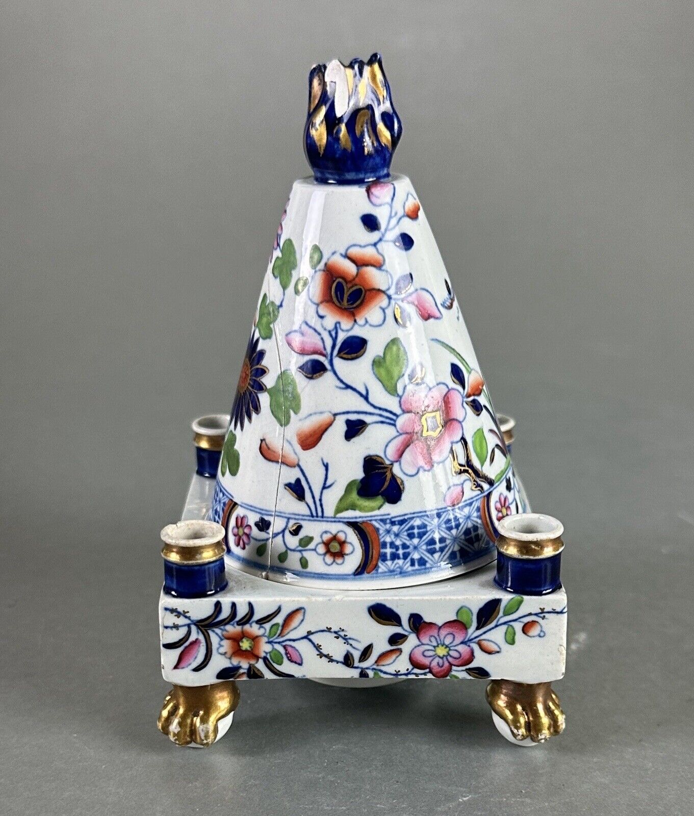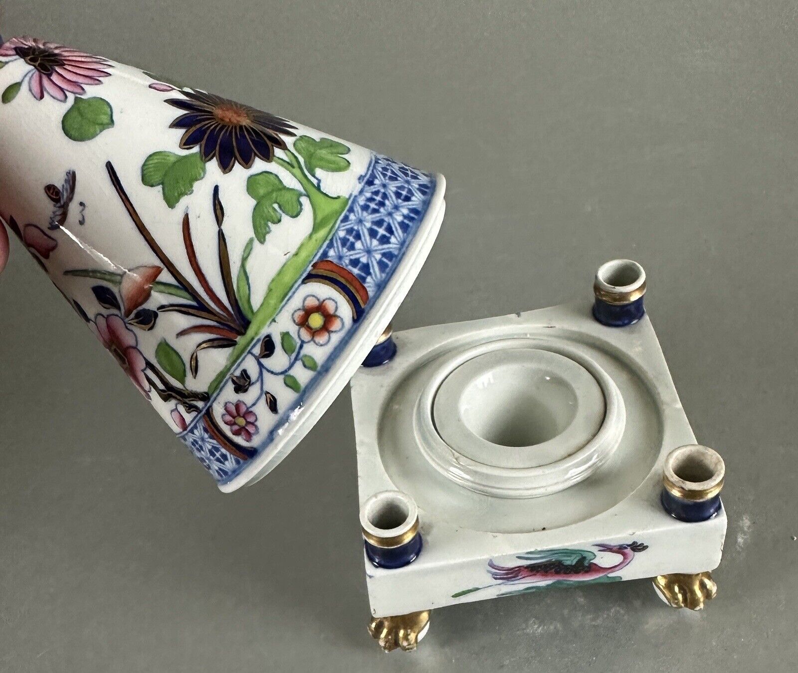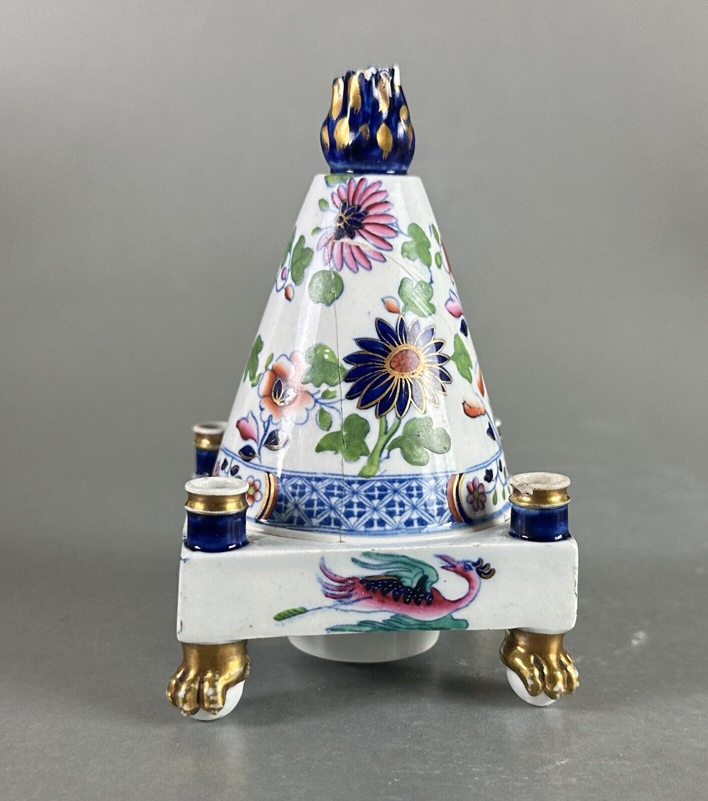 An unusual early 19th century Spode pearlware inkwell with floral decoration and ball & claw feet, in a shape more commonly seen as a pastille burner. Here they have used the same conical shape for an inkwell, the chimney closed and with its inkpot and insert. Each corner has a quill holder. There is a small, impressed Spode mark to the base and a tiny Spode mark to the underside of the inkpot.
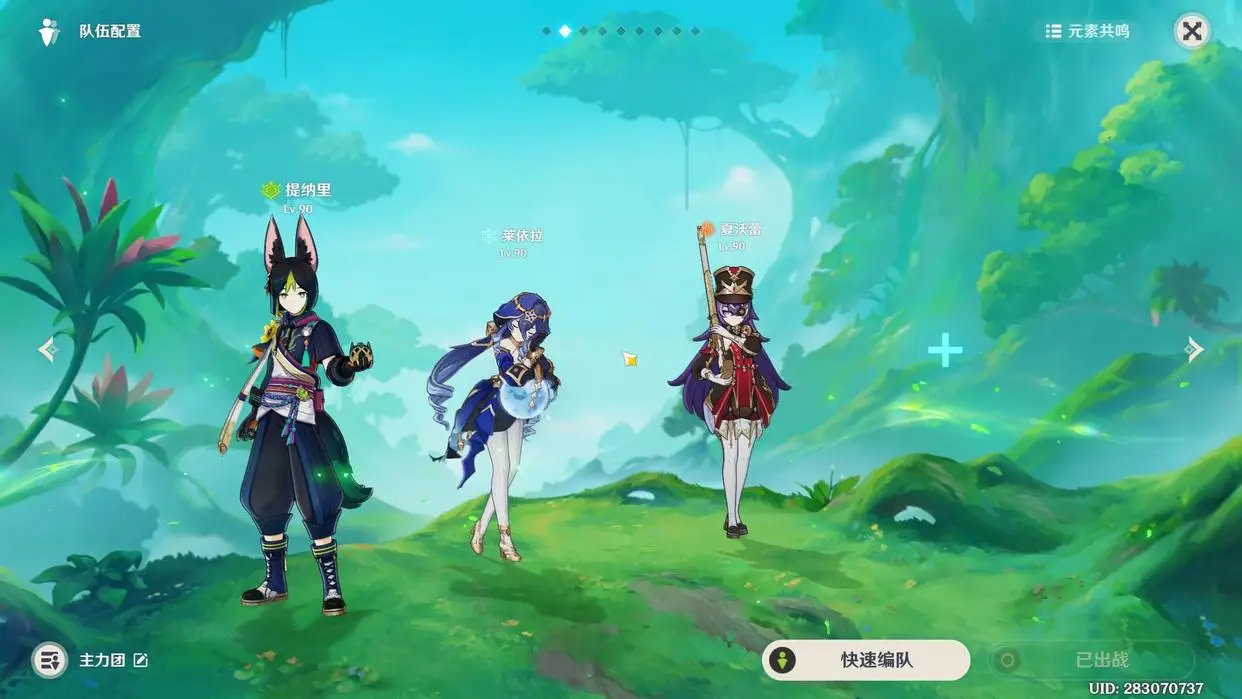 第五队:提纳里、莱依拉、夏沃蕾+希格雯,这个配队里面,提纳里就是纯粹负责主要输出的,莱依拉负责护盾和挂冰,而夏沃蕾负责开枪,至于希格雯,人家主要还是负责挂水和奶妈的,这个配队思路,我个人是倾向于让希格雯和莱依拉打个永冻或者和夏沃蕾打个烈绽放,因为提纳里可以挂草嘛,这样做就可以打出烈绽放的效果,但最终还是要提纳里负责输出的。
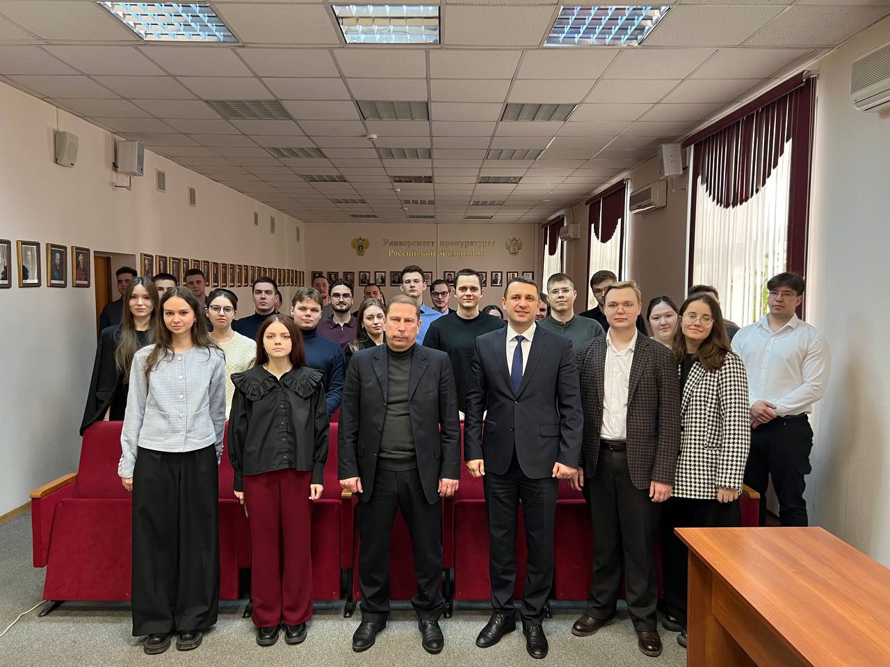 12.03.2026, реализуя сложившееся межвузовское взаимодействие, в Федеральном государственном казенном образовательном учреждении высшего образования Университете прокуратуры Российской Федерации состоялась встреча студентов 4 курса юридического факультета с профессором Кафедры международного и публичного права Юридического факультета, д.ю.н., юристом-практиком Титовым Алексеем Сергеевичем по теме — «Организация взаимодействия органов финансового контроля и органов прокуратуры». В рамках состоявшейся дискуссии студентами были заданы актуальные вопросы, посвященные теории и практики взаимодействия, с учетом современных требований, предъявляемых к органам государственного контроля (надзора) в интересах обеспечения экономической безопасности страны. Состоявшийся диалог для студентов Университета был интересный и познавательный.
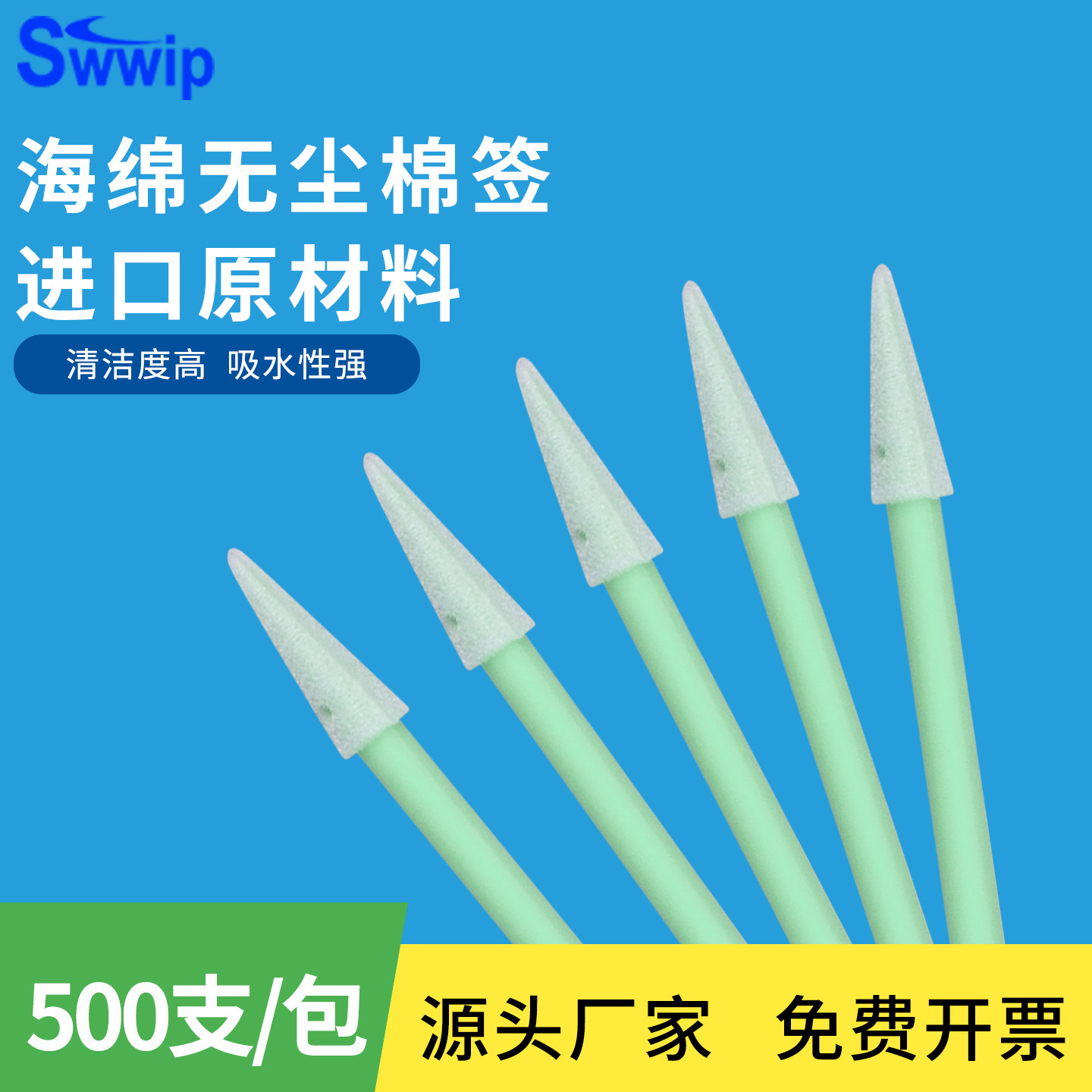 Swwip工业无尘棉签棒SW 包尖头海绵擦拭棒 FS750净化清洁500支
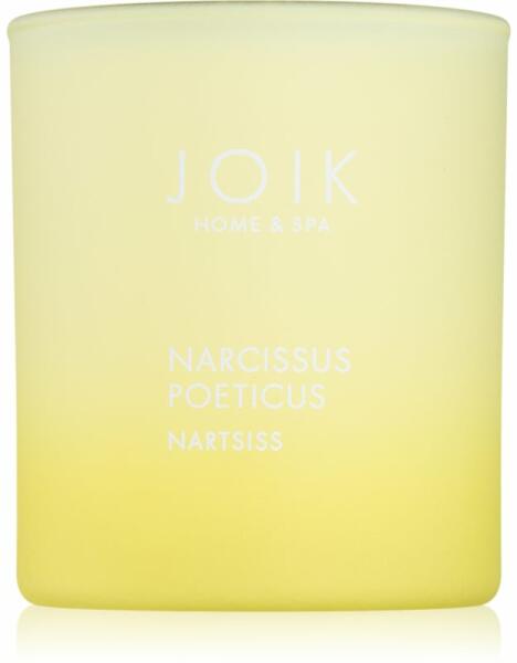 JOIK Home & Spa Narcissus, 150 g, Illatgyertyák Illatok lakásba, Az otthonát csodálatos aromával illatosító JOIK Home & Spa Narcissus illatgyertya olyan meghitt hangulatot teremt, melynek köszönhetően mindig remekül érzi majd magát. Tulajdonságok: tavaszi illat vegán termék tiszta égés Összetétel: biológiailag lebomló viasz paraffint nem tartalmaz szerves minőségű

- _THE TASK_:
Except for the pictures, give the data again word for word.

- _SOLUTION FOR THIS TASK_:
 An unusual early 19th century Spode pearlware inkwell with floral decoration and ball & claw feet, in a shape more commonly seen as a pastille burner. Here they have used the same conical shape for an inkwell, the chimney closed and with its inkpot and insert. Each corner has a quill holder. There is a small, impressed Spode mark to the base and a tiny Spode mark to the underside of the inkpot.
 第五队:提纳里、莱依拉、夏沃蕾+希格雯,这个配队里面,提纳里就是纯粹负责主要输出的,莱依拉负责护盾和挂冰,而夏沃蕾负责开枪,至于希格雯,人家主要还是负责挂水和奶妈的,这个配队思路,我个人是倾向于让希格雯和莱依拉打个永冻或者和夏沃蕾打个烈绽放,因为提纳里可以挂草嘛,这样做就可以打出烈绽放的效果,但最终还是要提纳里负责输出的。
 12.03.2026, реализуя сложившееся межвузовское взаимодействие, в Федеральном государственном казенном образовательном учреждении высшего образования Университете прокуратуры Российской Федерации состоялась встреча студентов 4 курса юридического факультета с профессором Кафедры международного и публичного права Юридического факультета, д.ю.н., юристом-практиком Титовым Алексеем Сергеевичем по теме — «Организация взаимодействия органов финансового контроля и органов прокуратуры». В рамках состоявшейся дискуссии студентами были заданы актуальные вопросы, посвященные теории и практики взаимодействия, с учетом современных требований, предъявляемых к органам государственного контроля (надзора) в интересах обеспечения экономической безопасности страны. Состоявшийся диалог для студентов Университета был интересный и познавательный.
 Swwip工业无尘棉签棒SW 包尖头海绵擦拭棒 FS750净化清洁500支
 JOIK Home & Spa Narcissus, 150 g, Illatgyertyák Illatok lakásba, Az otthonát csodálatos aromával illatosító JOIK Home & Spa Narcissus illatgyertya olyan meghitt hangulatot teremt, melynek köszönhetően mindig remekül érzi majd magát. Tulajdonságok: tavaszi illat vegán termék tiszta égés Összetétel: biológiailag lebomló viasz paraffint nem tartalmaz szerves minőségű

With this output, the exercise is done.